*Task details*: Scan the records below for the line with "Brass cavalry officer's" and the line with "意味不明あだ名 | 『エリンギ科めそぽ属』『自称めそぽ』 |", and retype that range exactly, both ends included, pictures excepted.

*Data for this exercise*:

--*--

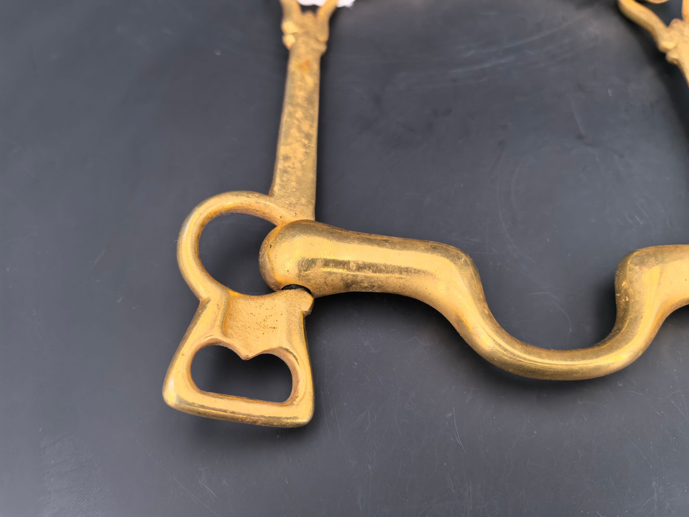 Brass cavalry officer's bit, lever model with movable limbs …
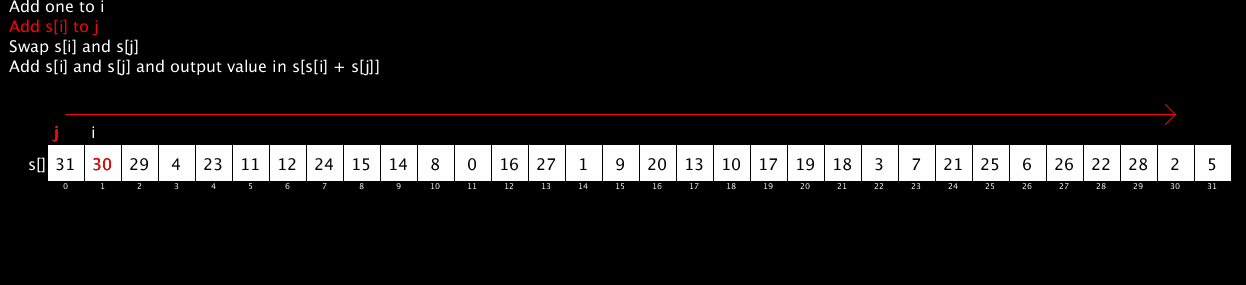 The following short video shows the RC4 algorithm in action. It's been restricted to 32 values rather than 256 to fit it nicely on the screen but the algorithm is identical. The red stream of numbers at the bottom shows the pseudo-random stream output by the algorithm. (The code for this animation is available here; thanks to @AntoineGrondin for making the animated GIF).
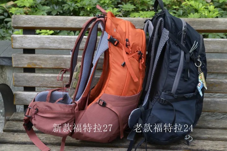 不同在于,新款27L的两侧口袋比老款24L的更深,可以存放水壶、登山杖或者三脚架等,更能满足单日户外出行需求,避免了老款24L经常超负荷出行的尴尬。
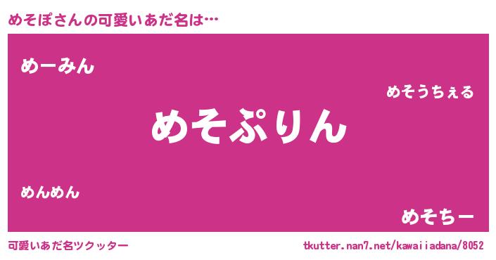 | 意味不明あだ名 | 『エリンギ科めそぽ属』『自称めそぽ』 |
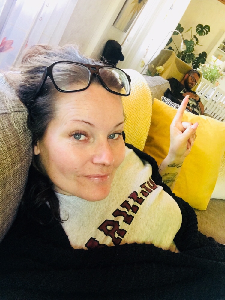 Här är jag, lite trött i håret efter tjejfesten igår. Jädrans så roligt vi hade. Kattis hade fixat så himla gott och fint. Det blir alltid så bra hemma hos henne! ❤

--*--

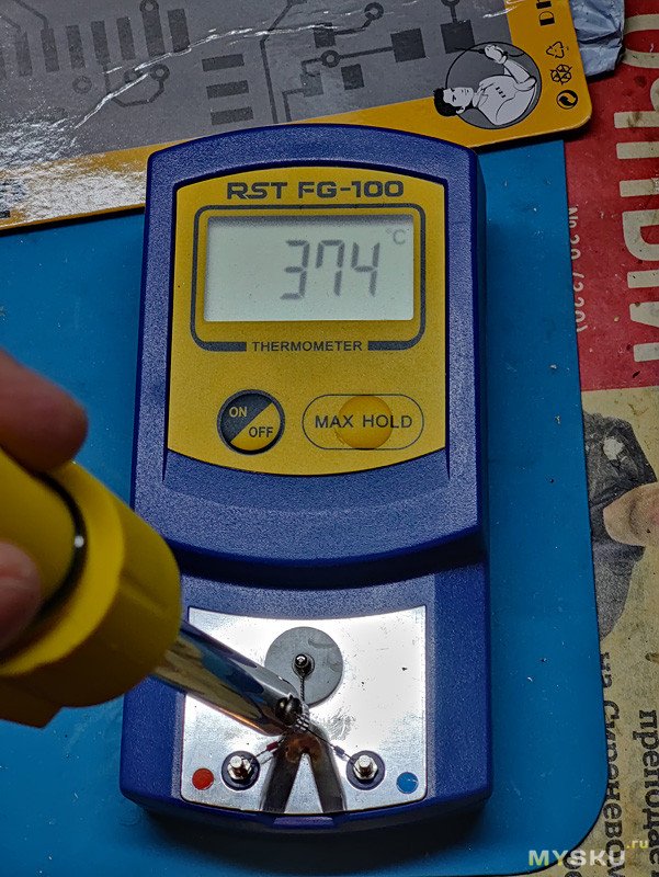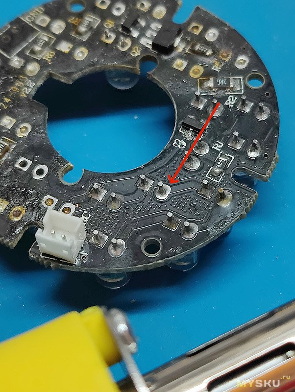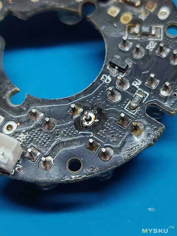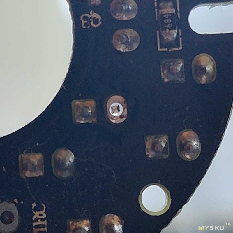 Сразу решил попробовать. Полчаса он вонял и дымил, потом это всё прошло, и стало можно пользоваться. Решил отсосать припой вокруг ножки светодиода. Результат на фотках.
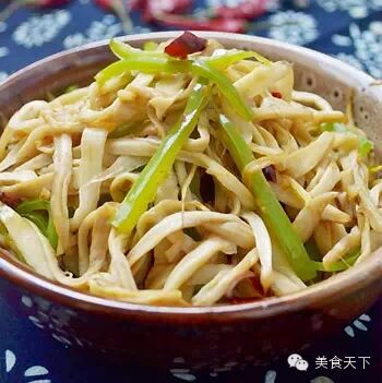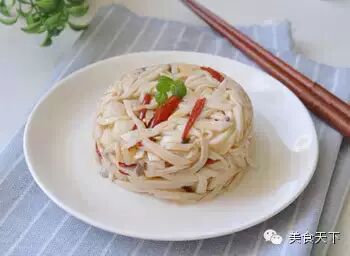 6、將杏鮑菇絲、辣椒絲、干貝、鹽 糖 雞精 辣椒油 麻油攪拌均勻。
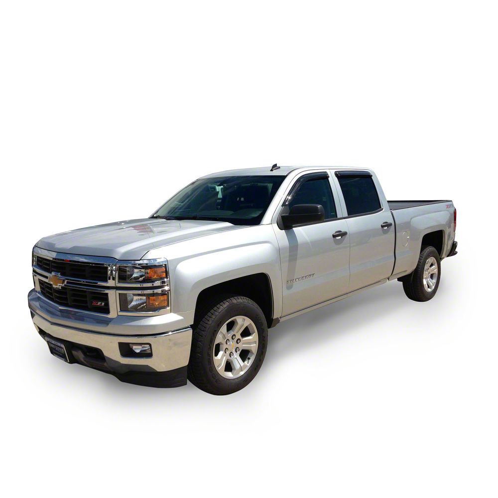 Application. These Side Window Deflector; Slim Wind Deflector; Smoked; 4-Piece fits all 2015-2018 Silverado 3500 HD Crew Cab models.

--*--

*Finished exercise*:
 Brass cavalry officer's bit, lever model with movable limbs …
 The following short video shows the RC4 algorithm in action. It's been restricted to 32 values rather than 256 to fit it nicely on the screen but the algorithm is identical. The red stream of numbers at the bottom shows the pseudo-random stream output by the algorithm. (The code for this animation is available here; thanks to @AntoineGrondin for making the animated GIF).
 不同在于,新款27L的两侧口袋比老款24L的更深,可以存放水壶、登山杖或者三脚架等,更能满足单日户外出行需求,避免了老款24L经常超负荷出行的尴尬。
 | 意味不明あだ名 | 『エリンギ科めそぽ属』『自称めそぽ』 |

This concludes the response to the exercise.